- IATA: none; ICAO: none; FAA LID: 5A1;

Summary
- Owner: Huron County Commissioners
- Serves: Norwalk, Ohio
- Location: Huron County, Ohio
- Time zone: UTC−05:00 (-5)
- • Summer (DST): UTC−04:00 (-4)
- Elevation AMSL: 853 ft (260 m)
- Coordinates: 41°14′41″N 082°33′04″W﻿ / ﻿41.24472°N 82.55111°W
- Website: airport.huroncounty-oh.gov

Map
- 5A1 Location of airport in Ohio5A15A1 (the United States)

Runways
| Direction | Length |  | Surface |
| ft | m |
| 10/28 | 4,208 | 1,283 | Asphalt |

Statistics (2021)
- Aircraft movements: 10,220
- Source: Federal Aviation Administration^{[failed verification]}

= Norwalk-Huron County Airport =

Public use airport in Norwalk, Ohio

The Norwalk-Huron County Airport is a publicly owned, public-use airport located 3 miles east of Norwalk, Ohio.
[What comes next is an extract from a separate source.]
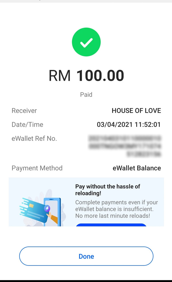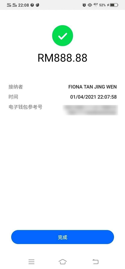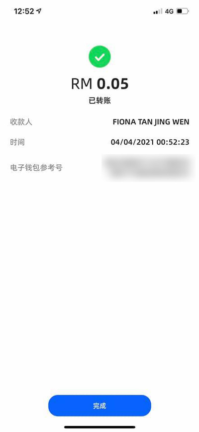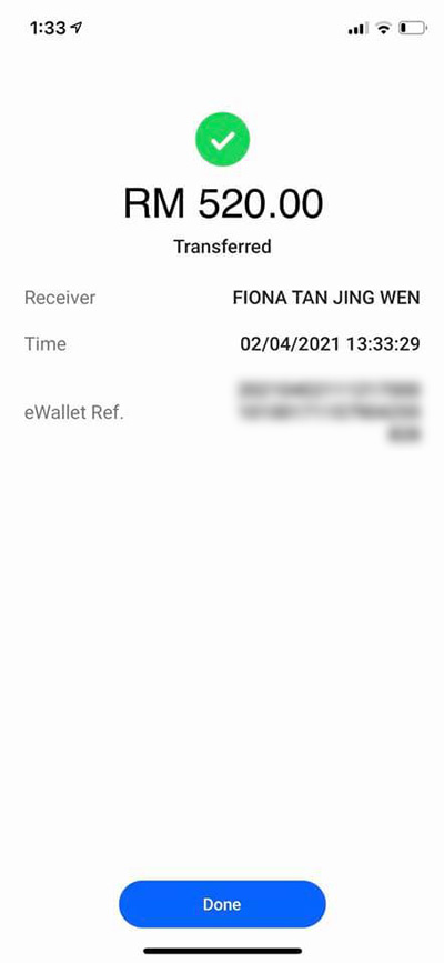 โดยบางยอดก็มาเป็นเงินจำนวนเล็กน้อย ราว 0.05 ริงกิต (ไม่ถึง 0.5 บาท) และ 30 ริงกิต (ราว 220 บาท) แต่ก็มีบางคนที่โอนเงินให้มากถึง 250 ริงกิต (ราว 3,900 บาท) นอกจากนี้เธอยังได้รับเงินอีก 100 ริงกิต (ราว 750 บาท) จากเพื่อน ๆ ที่รู้จักกันเป็นส่วนตัวด้วย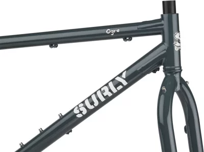 Frame Ogre, 100% Surly Chromoly steel, Natch tubing, double-butted frame triangle, TIG welded, E.D. coated. Fork Ogre, 100% Surly Chromoly steel, Natch tubing, double-butted, TIG welded, E.D. coated. Frame color orlok's shadow. Front spacing 10x100mm. Rear spacing "Gnot-Boost" 145mm, 12 x 142mm OR 12 x 148mm. Front brake mount 51mm I.S. (203mm max.). Rear brake mount 51mm I.S. Fork height 445mm. Offset 45mm. Headset EC34/28.6 | EC34/30, 1-1/8" seatpost diameter 27.2mm Front derailleur (clamp) High direct mount top-pull (Ø31.8mm) Drivetrain Chainrings max. MTN 1x: 42T, 2x: 46/34T, 3x: 48/36/24T | max. BOOST 1x: 46T, 2x: 48/42T Bottom bracket 73mm BSA Tire clearance Frame: 27.5" x 3.0", 29" x 2.5" | Fork: 27.5" x 3.0", 29" x 2.5" Bottle cage mounts Frame size XS: 2x triple eyelets on the frame, 4x triple eyelets on the fork Frame sizes S-XL: 1x standard mount + 2x triple eyelets on the frame, 4x triple eyelets on the Fork luggage rack mounts Yes

The airport is home to a flying club, and also EAA Chapter 1723. The airport also hosts regular events such as food truck fly-ins, Young Eagles flights, and flight training. A new ground school was started in July 2026, with six students signed up.

== History ==
Planning for an airport began as early as September 1965, when the possibility was discussed before a meeting of local leaders. The airport was officially dedicated on 18 August 1968, although it had been in use by the end of July.

In January 1990, it was announced that Titan Aerospace would be moving to the airport.

Throughout the 2010s, the airport struggled with degrading facilities. The airport received a donation from the CEO of Phillips Manufacturing in July 2011 to provide the matching funds to qualify for a federal grant.

In 2023, the airport received a federal grant to upgrade its runway. The renovation project involved sealing cracks and repainting striping. Later that year, a new 10-year master plan for the Huron County Airport was approved. The plan will cost $6 million over the 10 years and includes funds to rehabilitate airport lighting; add an automatic weather reporting system; rehabilitate the runway, taxiways, and parking aprons; build new hangars; and install wildlife perimeter fencing.

== Facilities and aircraft ==
The airport has one runway, designated as Runway 10/28. The runway measures 4208 x 75 ft (1283 x 23 m) and is paved with asphalt.

The airport has a fixed-base operator that sells fuel and offers limited services and amenities. Airport leadership established a fuel price adjustment program to attract new pilots and aircraft.

For the 12-month period ending July 14, 2021, the airport had 10,220 aircraft operations, an average of 28 per day. It included 99% general aviation and 1% military. For the same time period, 22 aircraft were based at the airport: 20 single-engine and 2 multi-engine airplanes.

== Accidents and incidents ==

- On July 11, 1999, a homebuilt Pitts S-1S was destroyed when it collided with trees while maneuvering at Norwalk-Huron County Airport. A witness saw the airplane taxi out and depart, after which it began performing aerobatic maneuvers such as flying inverted. The witness did not hear any strange engine noises or notice anything "visibly wrong" with the airplane prior to its impact with trees. The probable cause of the accident was found to be the pilot's improper decision to conduct a low level aerobatic maneuver, and his subsequent loss of awareness regarding the location of trees at that level.